__Your instructions__. From the data below, repeat everything exactly except the images.

__Dataset content__.
-.-.-

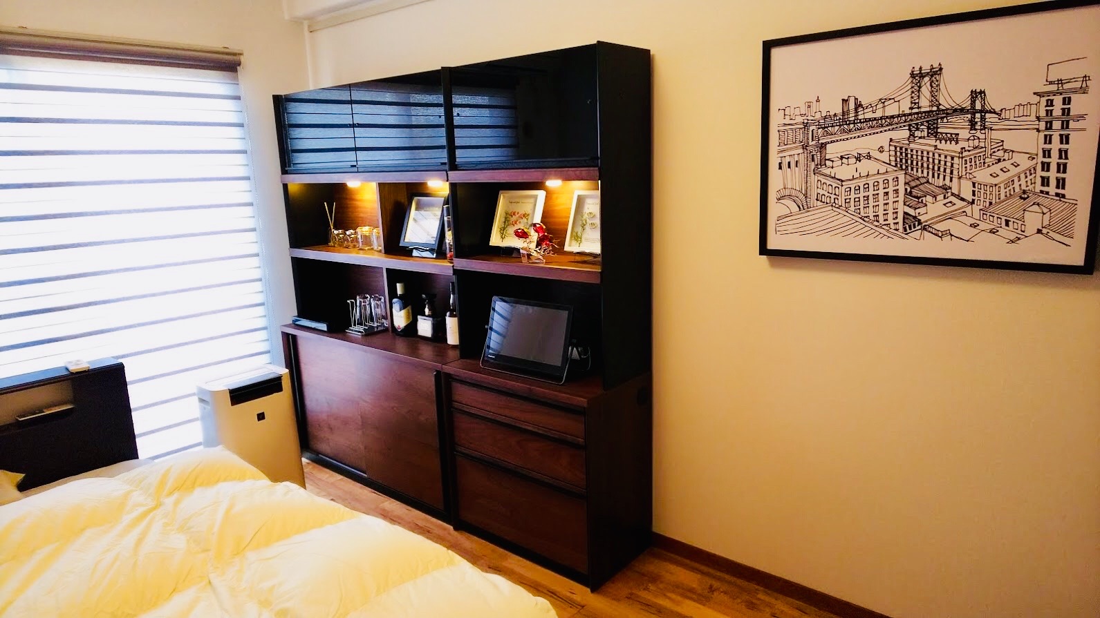こちらがその飾り棚。隣には、アート。S様のセンスが感じられます。
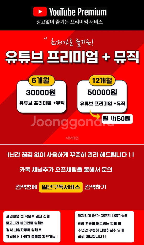 구매 문의는 게시물 하단 참고 부탁드립니다! 깨톡 : 일년구독서비스 검색하셔도 kaka오 채널 나옵니다.! 사업자등록증등 확인하실수 있습니다~ 6개월: 30000원 12개월: 50000원 프리미엄 초대장 보내드리고 수락하시면 적용되는 방식입니다 먼저 적용시켜 드리고 있습니다 판매만하고 신경안쓰는 타업체와는 수준이 다릅니다 자신있게 말할수있습니다!!
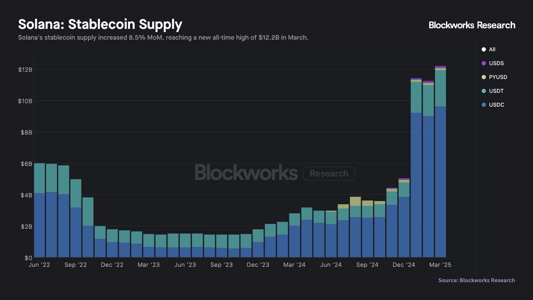 Nguồn cung stablecoin trên Solana: Vượt mốc lịch sử 12,2 tỷ USD vào tháng 3/2025 (Nguồn: Blockworks Research)
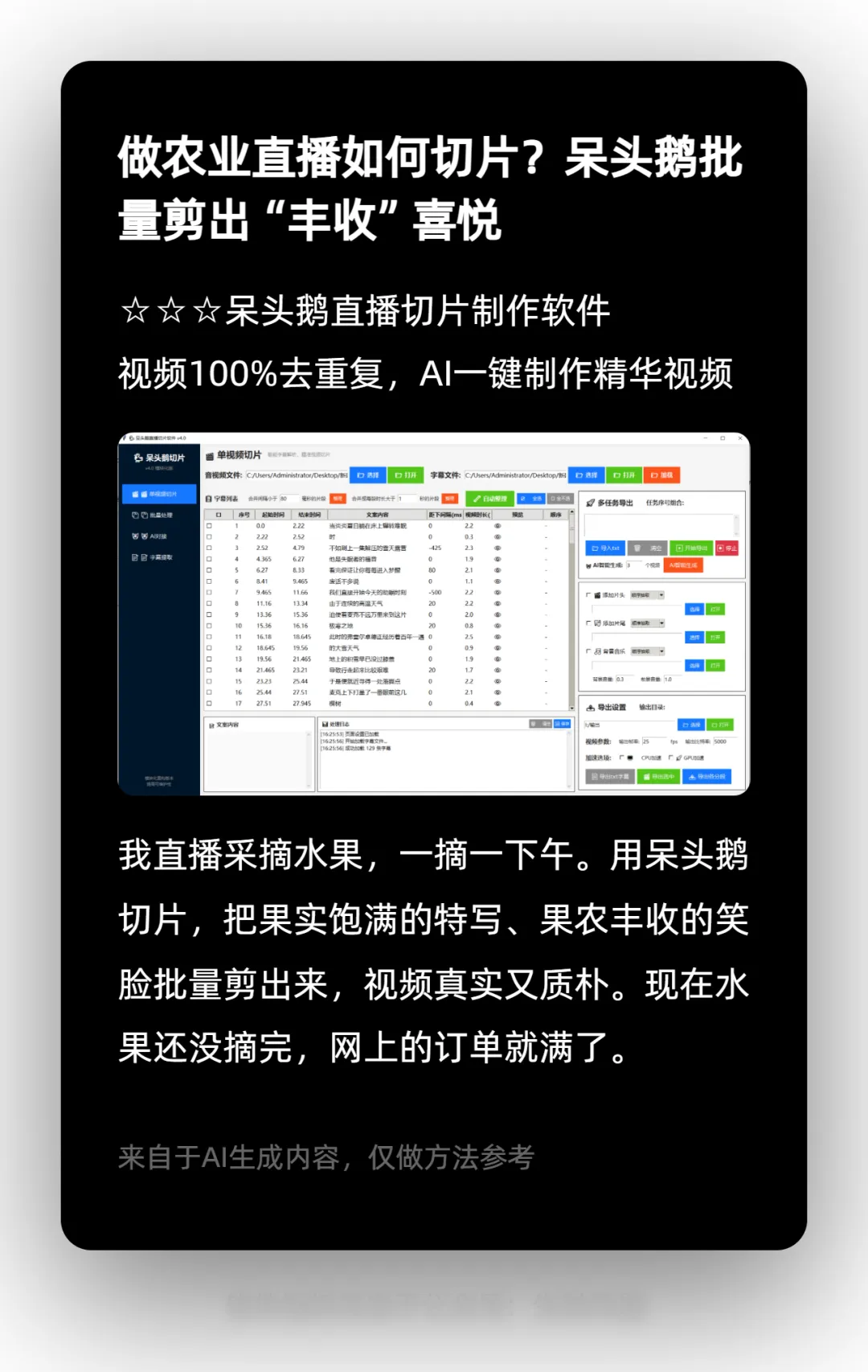 其实市面上这类工具不少,我跟着她也试过几个。其中有一个叫「呆头鹅批量剪辑」的,我感觉确实还不错。它操作很简单,就是把视频文件夹直接拖进去,能处理上万条视频都不卡。除了自动切片,它还能帮你做混剪、去重、加字幕等功能,特别适合想批量做内容的玩家。

-.-.-

__Your response__.
こちらがその飾り棚。隣には、アート。S様のセンスが感じられます。
 구매 문의는 게시물 하단 참고 부탁드립니다! 깨톡 : 일년구독서비스 검색하셔도 kaka오 채널 나옵니다.! 사업자등록증등 확인하실수 있습니다~ 6개월: 30000원 12개월: 50000원 프리미엄 초대장 보내드리고 수락하시면 적용되는 방식입니다 먼저 적용시켜 드리고 있습니다 판매만하고 신경안쓰는 타업체와는 수준이 다릅니다 자신있게 말할수있습니다!!
 Nguồn cung stablecoin trên Solana: Vượt mốc lịch sử 12,2 tỷ USD vào tháng 3/2025 (Nguồn: Blockworks Research)
 其实市面上这类工具不少,我跟着她也试过几个。其中有一个叫「呆头鹅批量剪辑」的,我感觉确实还不错。它操作很简单,就是把视频文件夹直接拖进去,能处理上万条视频都不卡。除了自动切片,它还能帮你做混剪、去重、加字幕等功能,特别适合想批量做内容的玩家。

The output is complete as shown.